### [Your goal]
Look through the records below for the line with "Hello Kitty Giochi" and the line with "Christmas Ornament for", then return those lines and all lines between, exactly.

### [Extracted entries]
________________
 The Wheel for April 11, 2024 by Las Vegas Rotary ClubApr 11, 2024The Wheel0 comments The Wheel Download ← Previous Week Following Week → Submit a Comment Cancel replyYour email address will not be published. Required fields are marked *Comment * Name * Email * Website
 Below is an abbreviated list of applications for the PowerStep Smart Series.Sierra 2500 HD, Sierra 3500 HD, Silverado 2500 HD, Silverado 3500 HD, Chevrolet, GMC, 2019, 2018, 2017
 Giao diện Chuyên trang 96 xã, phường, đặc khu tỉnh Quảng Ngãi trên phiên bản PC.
________________
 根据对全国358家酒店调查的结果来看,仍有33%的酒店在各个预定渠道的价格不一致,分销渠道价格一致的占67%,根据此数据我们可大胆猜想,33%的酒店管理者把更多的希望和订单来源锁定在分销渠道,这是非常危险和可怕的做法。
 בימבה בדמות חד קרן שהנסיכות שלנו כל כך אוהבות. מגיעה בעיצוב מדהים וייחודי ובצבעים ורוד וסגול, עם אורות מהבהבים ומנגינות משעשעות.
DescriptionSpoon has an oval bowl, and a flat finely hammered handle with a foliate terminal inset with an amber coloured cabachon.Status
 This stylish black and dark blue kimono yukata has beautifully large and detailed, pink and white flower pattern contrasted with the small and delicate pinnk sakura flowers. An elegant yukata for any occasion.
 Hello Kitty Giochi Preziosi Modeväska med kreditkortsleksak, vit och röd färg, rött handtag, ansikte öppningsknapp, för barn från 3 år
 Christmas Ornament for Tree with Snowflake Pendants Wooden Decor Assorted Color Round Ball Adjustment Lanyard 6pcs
________________
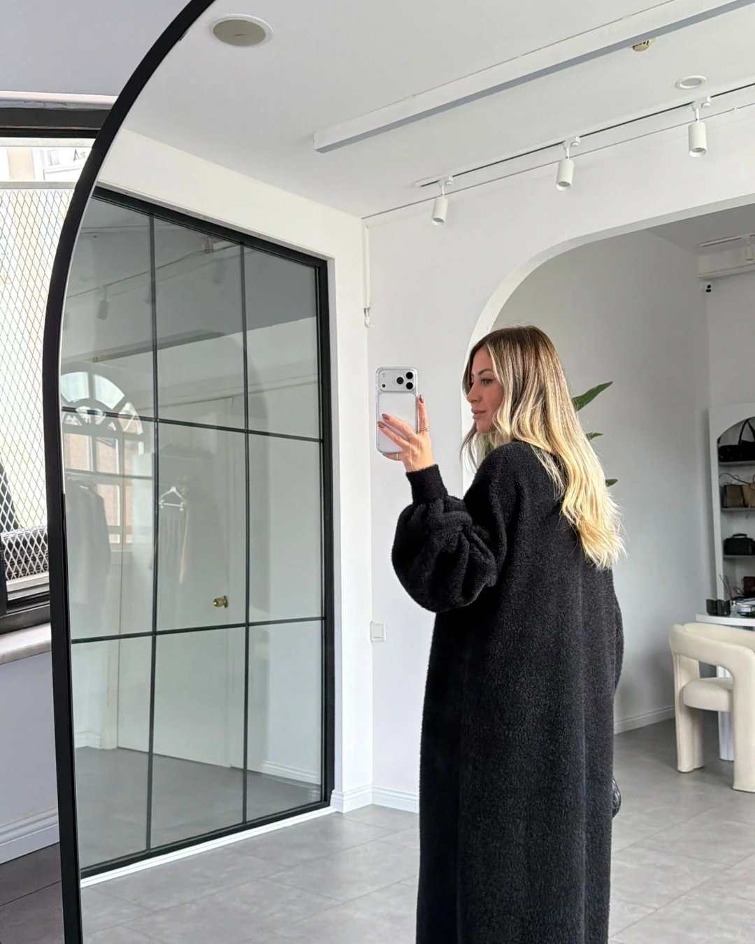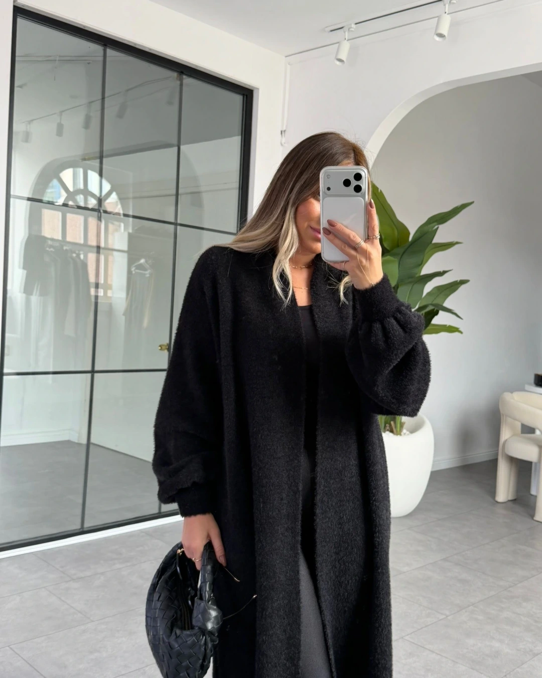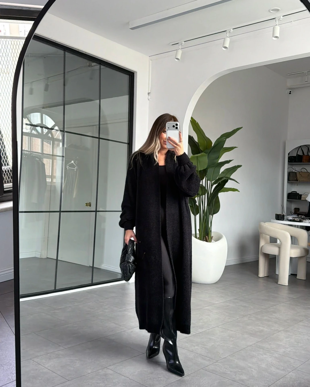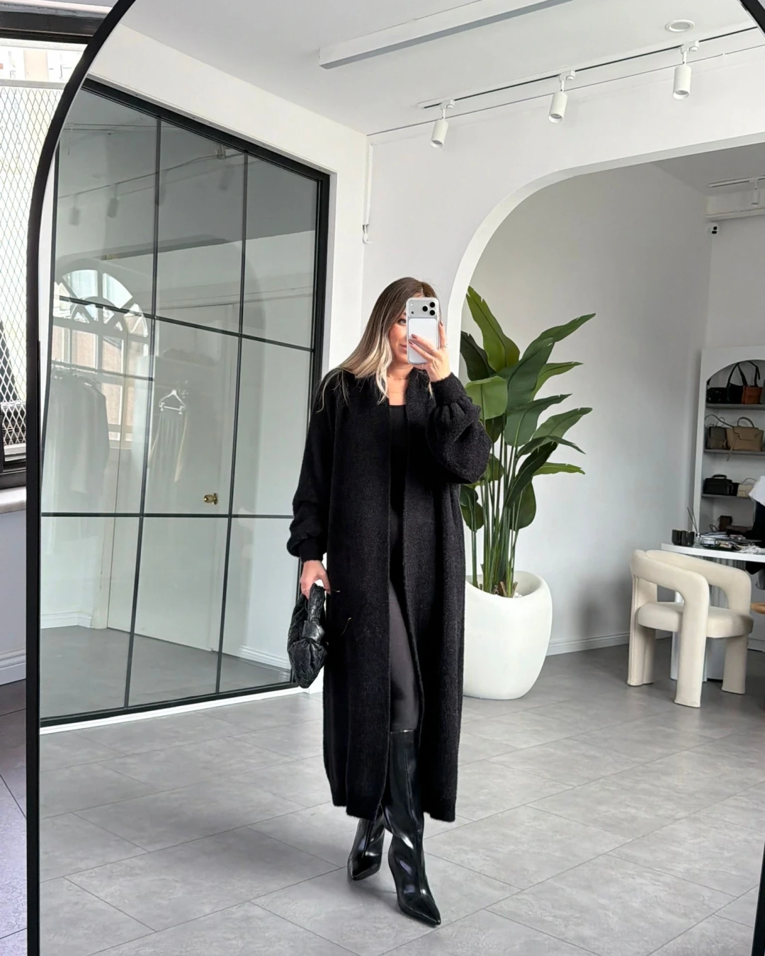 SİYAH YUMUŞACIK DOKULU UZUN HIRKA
________________
### [Exercise answer]
 Hello Kitty Giochi Preziosi Modeväska med kreditkortsleksak, vit och röd färg, rött handtag, ansikte öppningsknapp, för barn från 3 år
 Christmas Ornament for Tree with Snowflake Pendants Wooden Decor Assorted Color Round Ball Adjustment Lanyard 6pcs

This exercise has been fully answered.